--- GIVEN DATA Enclosed Below ---

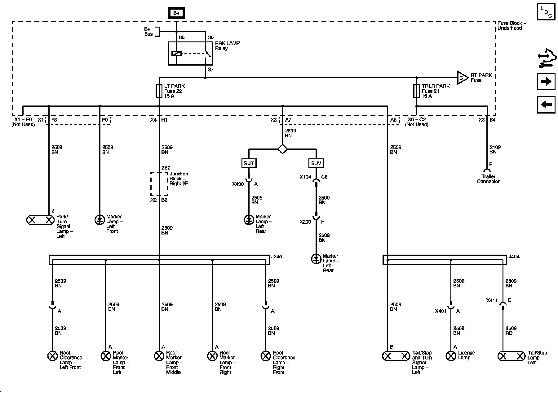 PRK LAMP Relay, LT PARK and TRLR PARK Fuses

--- End of Enclosed GIVEN DATA ---
--- GIVEN DATA Enclosed Below ---

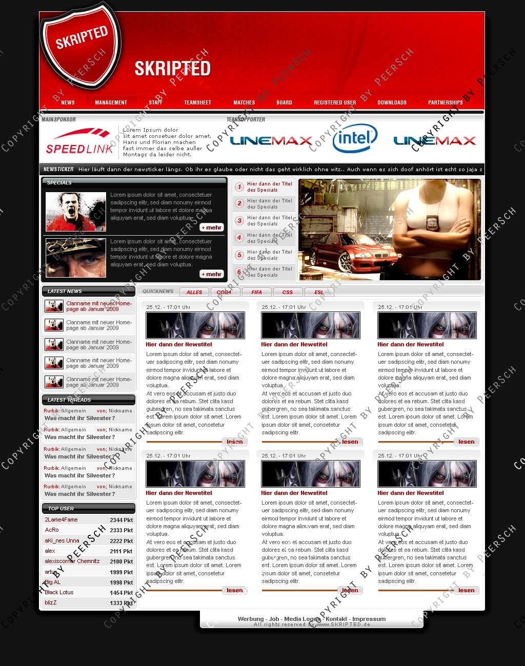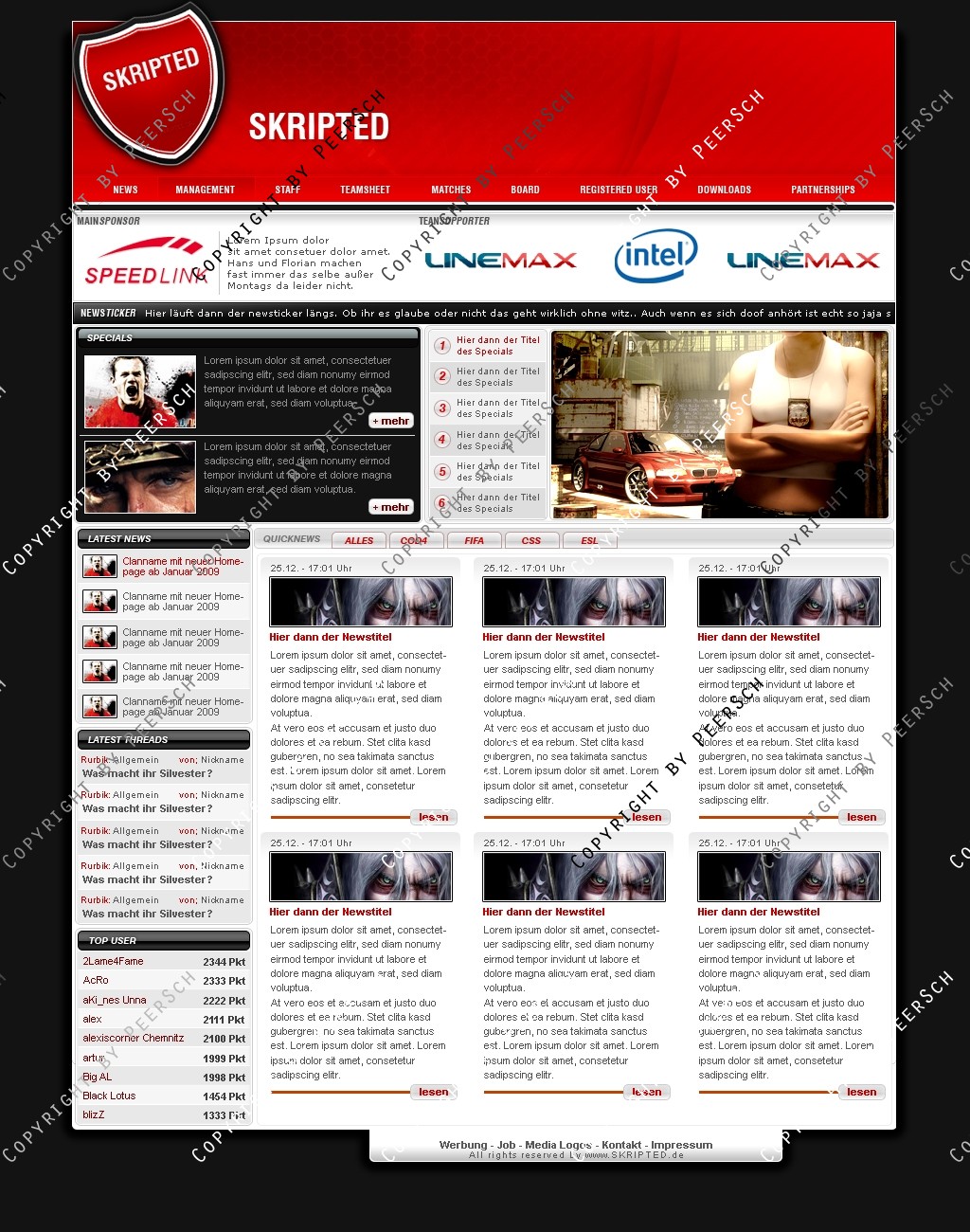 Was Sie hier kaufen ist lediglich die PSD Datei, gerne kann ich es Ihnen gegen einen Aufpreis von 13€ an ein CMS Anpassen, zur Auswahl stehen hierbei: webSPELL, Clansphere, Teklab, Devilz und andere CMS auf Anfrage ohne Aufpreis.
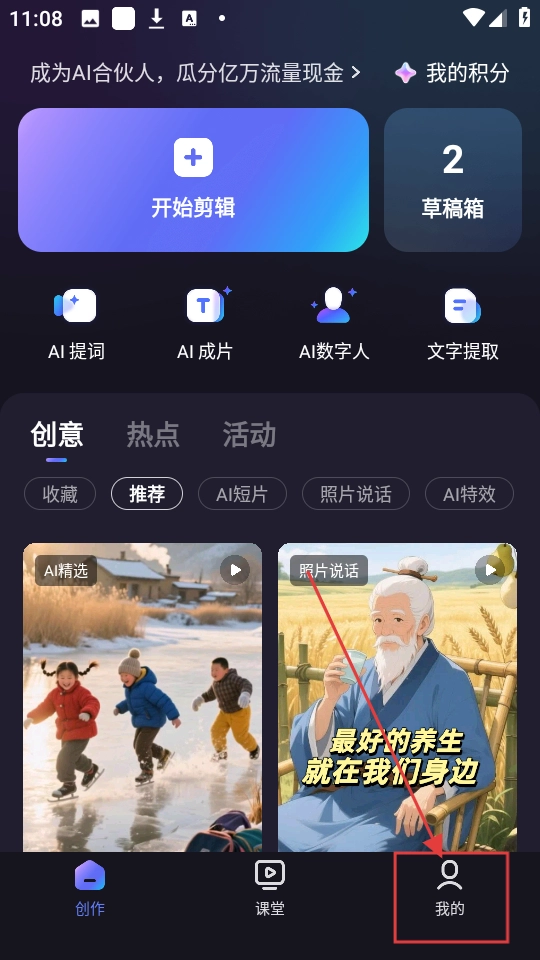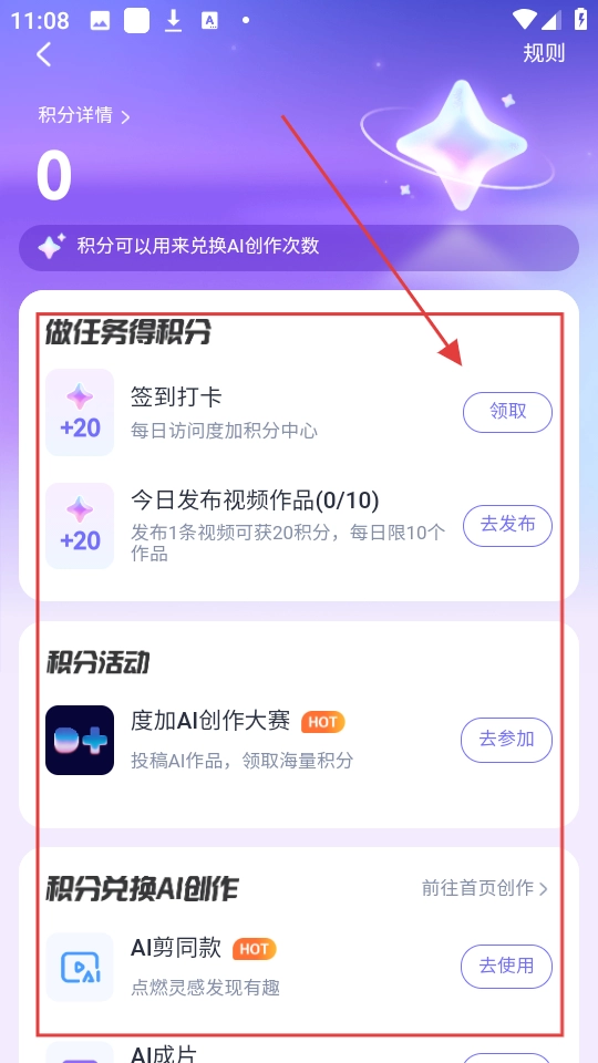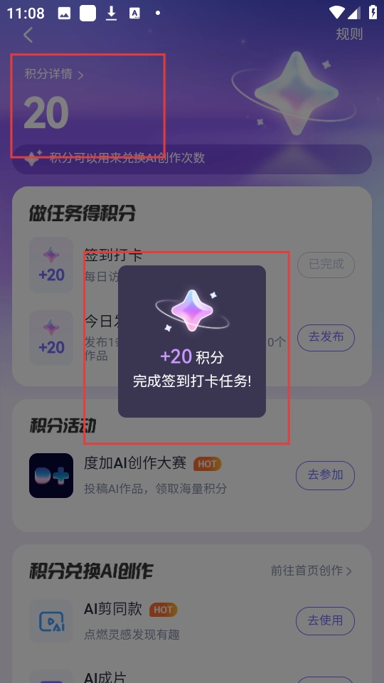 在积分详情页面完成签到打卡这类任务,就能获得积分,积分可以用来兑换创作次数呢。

--- End of Enclosed GIVEN DATA ---

(DIRECTIONS)
Whatever pictures the records hold, omit them; give again exactly the lines from the one containing "Was Sie hier" through the one containing "在积分详情页面完成签到打卡这类任务,就能获得积分,积分可以用来兑换创作次数呢。".

(THE ANSWER)
 Was Sie hier kaufen ist lediglich die PSD Datei, gerne kann ich es Ihnen gegen einen Aufpreis von 13€ an ein CMS Anpassen, zur Auswahl stehen hierbei: webSPELL, Clansphere, Teklab, Devilz und andere CMS auf Anfrage ohne Aufpreis.
 在积分详情页面完成签到打卡这类任务,就能获得积分,积分可以用来兑换创作次数呢。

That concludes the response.